■ **Instructions to follow**
Give the data below again exactly as written, without its pictures.

■ **Data provided**
----

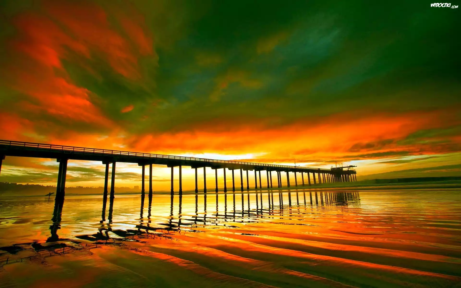 Zdjęcia, Morze, Zachód, Słońca, Molo
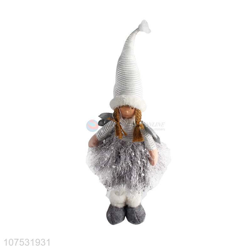 New design Christmas table decoration standing fabric doll with hat
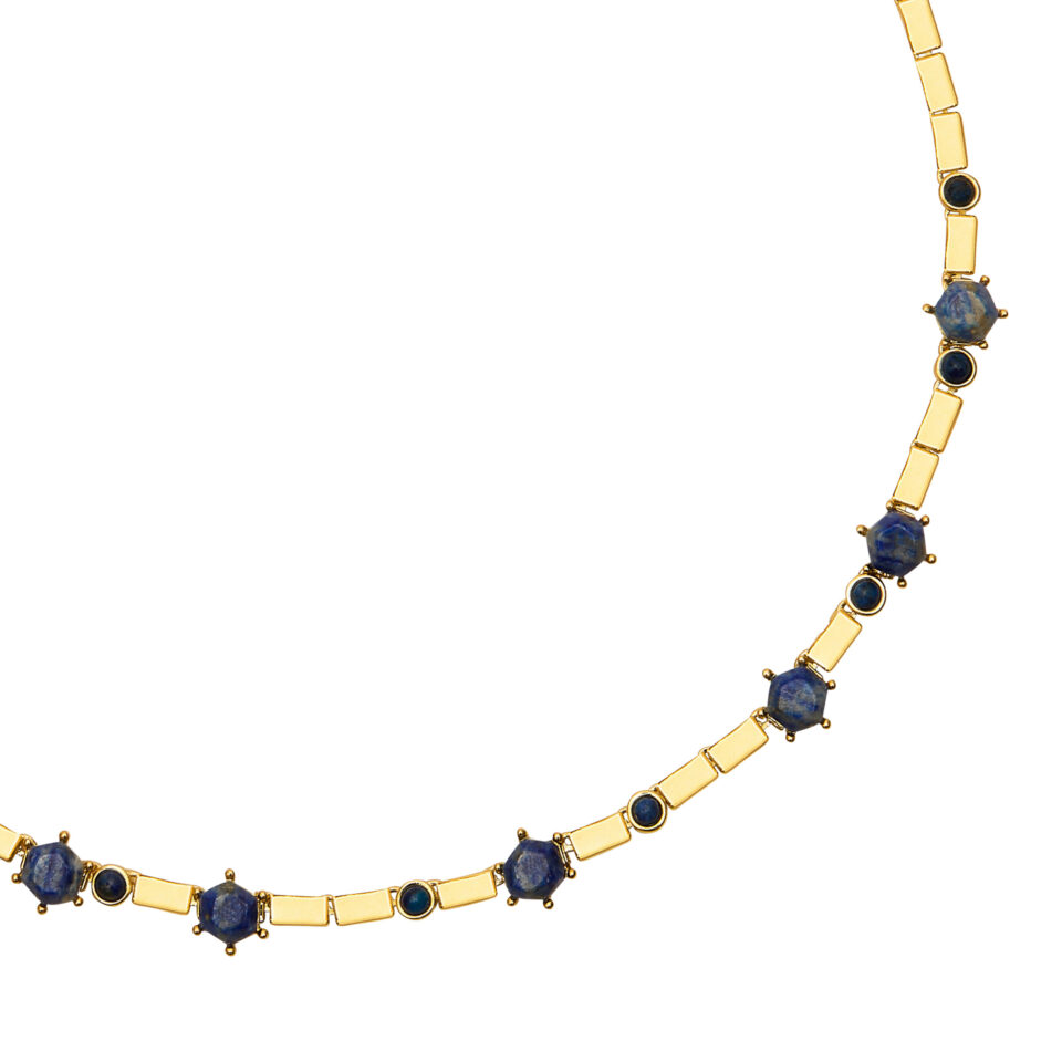 Un collier en lapis-lazuli sublimé par un plaqué or 18 carats sur laiton pour un éclat durable et raffiné.

----

■ **Solution to the problem**
 Zdjęcia, Morze, Zachód, Słońca, Molo
 New design Christmas table decoration standing fabric doll with hat
 Un collier en lapis-lazuli sublimé par un plaqué or 18 carats sur laiton pour un éclat durable et raffiné.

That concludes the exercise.